Emperor of the Later Tang dynasty
- Reign: December 20, 933 – May 19, 934
- Predecessor: Li Siyuan
- Successor: Li Congke
- Born: Pusanu (菩薩奴) 17 December 914 Taiyuan
- Died: 24 May 934 (aged 19) Anyang
- Burial: Luoyang
- Empress: Empress Kong
- Issue: Li Chongzhe (李重哲), son Three sons, names unknown

Names
- Lǐ Cónghòu (李從厚) Pusanu (菩薩奴, childhood name)

Era name and dates
- Yìngshùn (應順): 934

Posthumous name
- Emperor Mǐn (閔皇帝, "careful")

Temple name
- None
- House: Li
- Dynasty: Later Tang
- Father: Li Siyuan
- Mother: Lady Xia

= Li Conghou =

Emperor of Later Tang from 933 to 934

Li Conghou (李從厚) (914–934), posthumous name Emperor Min of Later Tang (後唐閔帝), childhood name Pusanu (菩薩奴, "slave of a Bodhisattva"), was an emperor of the Later Tang dynasty of China, ruling between 933 and 934. He was overthrown by his adopted brother Li Congke.

== Background ==
Li Conghou was born in 914, when his father Li Siyuan was a general of Jin (predecessor state to Later Tang), under his adoptive brother (Li Conghou's adoptive uncle) Li Cunxu the Prince of Jin. His mother was Lady Xia, who was either a concubine of Li Siyuan's or a co-wife with Lady Cao, and who was also the mother of his older brother Li Congrong. He was either Li Siyuan's third son (per the Old History of the Five Dynasties) or his fifth son (per the New History of the Five Dynasties). He was born at Li Siyuan's mansion in then-Jin capital Taiyuan. It was said that even in his childhood, he liked reading the Spring and Autumn Annals and was able to understand some of it. As his appearance was like his father Li Siyuan's, his father loved him.
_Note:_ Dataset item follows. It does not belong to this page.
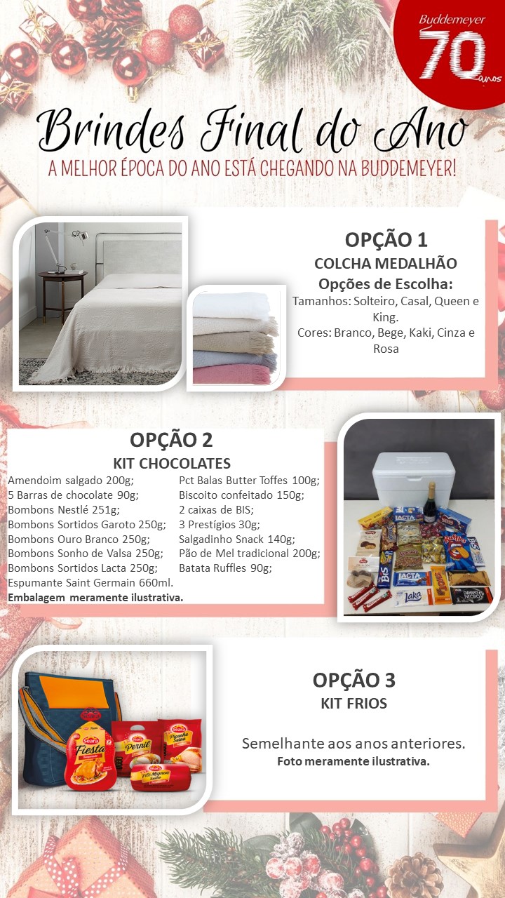 A melhor época do ano está chegando, o Natal, trazendo toda a magia e brilho que apenas ele tem! Que tal escolher qual brinde irá ganhar? Clique no link e confira quais as opções deste ano. Demais orientações sobre onde escolher, serão dadas por suas lideranças.

== During Li Siyuan's reign ==
In 926, Li Cunxu, then the emperor of Later Tang, was killed in a mutiny at then-capital Luoyang. Li Siyuan subsequently claimed imperial title. In 927, he made Li Conghou the mayor of Henan Municipality (河南, i.e., the Luoyang region) as well as the honorary chancellor designation Tong Zhongshu Menxia Pingzhangshi (同中書門下平章事), as well as the command of the imperial guards. This displeased Li Conghou's older brother Li Congrong, who was then the military governor (Jiedushi) of Tianxiong Circuit (天雄, headquartered in modern Handan, Hebei), as this allowed Li Conghou to remain at the capital and control the imperial guards. (Li Conghou's and Li Congrong's mother Lady Xia was deceased by this point.)
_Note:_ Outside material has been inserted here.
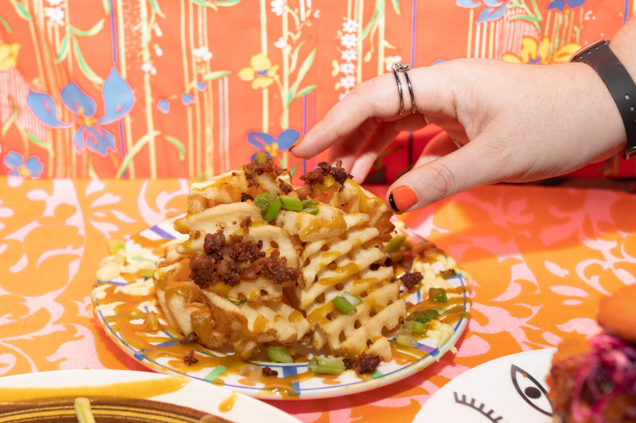 TMoms Famous Waffle Fries, Japanese Curry Pork, Curry Kewpie Mayo, Toasted Sesame, Fresh Scallions
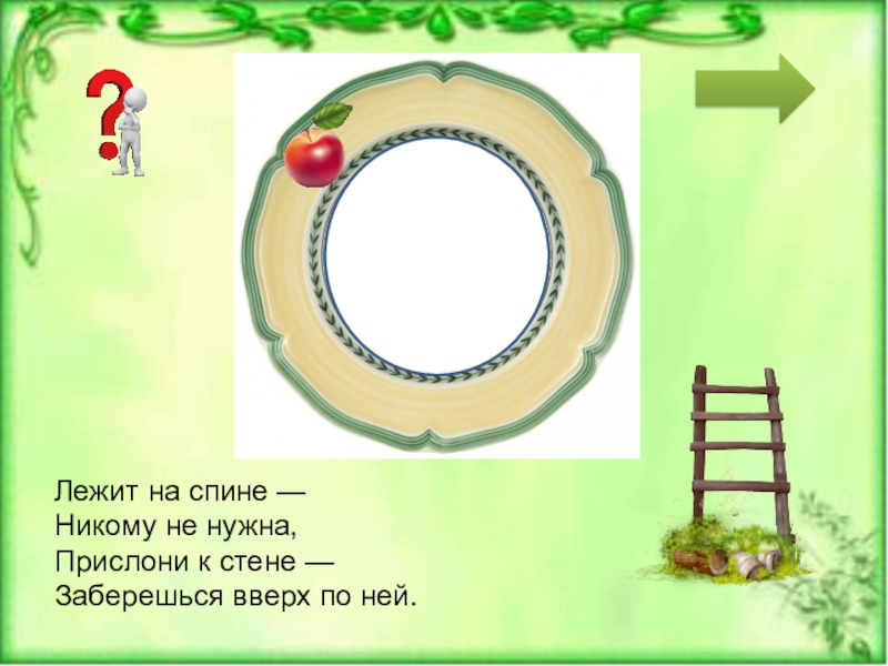 ЛЕСТНИЦАЛежит на спине — Никому не нужна, Прислони к стене — Заберешься вверх по ней.

In 928, Li Siyuan, under the suggestion of his favorite concubine Consort Wang, arranged to have Li Conghou betrothed to the daughter of the chancellor-chief of staff Kong Xun. This drew the anger of Kong's fellow chief of staff, the more powerful An Chonghui, whom Kong had earlier dissuaded from giving a daughter to a son of Li Siyuan's (unclear whether it was Li Conghou) in marriage, and An had Kong ejected from the imperial government (which was then at Kaifeng) to be the defender of Luoyang. Shortly thereafter, Li Conghou was made the military governor of Xuanwu Circuit (宣武, headquartered at Kaifeng) and continued to command the imperial guards. Later in the year, he married Lady Kong as his wife; Kong Xun was allowed to attend the ceremony, but due to An's opposition, was not allowed to remain at Kaifeng, and shortly after had to return to Luoyang. Meanwhile, it was said that Li Conghou developed a reputation for being respectful, humble, and willing to listen to others — characteristics that Li Siyuan hoped that his older brother Li Congrong, who was then the military governor of Hedong Circuit (河東, headquartered at Taiyuan) would emulate (as Li Congrong was said to be arrogant and violent), to no avail.
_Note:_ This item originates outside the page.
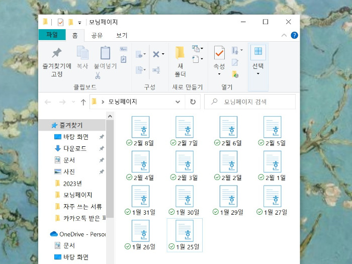 그렇게 2주 동안 매일 아침에 연필로 글을 쓰고 있다. 종이에 써놓은 외국말 같은 글씨를 해석 못할까 봐 바로 워드 파일에 옮겨놨더니, ‘모닝페이지’라는 이름의 폴더에 벌써 14개의 글이 생겼다. 당장 책으로 출간할 만큼 멋들어지기는커녕, 브런치에 올리려고 해도 여러 번 손봐야 할 정도로 엉망이지만 바라만 봐도 웃음이 났다.

In 929, Li Siyuan made Li Conghou the military governor of Hedong and the defender of Taiyuan, while making Li Congrong the mayor of Henan and the commander of the imperial guards. (By that point, the imperial government had returned to Luoyang.)

In 930, Li Siyuan created Li Congrong the Prince of Qin and Li Conghou the Prince of Song.

In 931, Li Siyuan moved Li Conghou to Tianxiong.

In 932, Li Siyuan gave Li Conghou the greater honorary chancellor title of Zhongshu Ling (中書令). By that point, Li Congrong was the dominant figure at court, and was disrespectful of all high-level officials. He also was jealous for the fact that Li Conghou had better reputation than he had. Li Conghou, however, was humble toward his brother, such that the relationship between them was not completely damaged, at least in public.

By late 933, Li Siyuan was extremely ill. Li Congrong, concerned about whether the high-level officials would try to divert the succession away from him, tried to seize control of the imperial government by force, but was defeated by forces under the command of then-chiefs of staff Zhu Hongzhao and Feng Yun and killed. Li Siyuan subsequently decided to summon Li Conghou, but before Li Conghou could arrive at Luoyang, Li Siyuan died. Li Conghou subsequently arrived and took the throne.

== Reign ==
Upon Li Conghou's taking of the throne, Zhu Hongzhao and Feng Yun, believing that they were responsible for his becoming emperor, dominated the court scene. They also excluded a number of Li Conghou's close associates from court, despite his displeasure. Meanwhile, Li Conghou honored Li Siyuan's wife Empress Cao as empress dowager and Consort Wang as consort dowager (despite his nagging suspicions that she was in league with Li Congrong). (Historical accounts were inconsistent as to whether he also created his wife Princess Kong to be empress, although it appeared that she was created an empress but that he never got a chance to carry out a formal creation ceremony.)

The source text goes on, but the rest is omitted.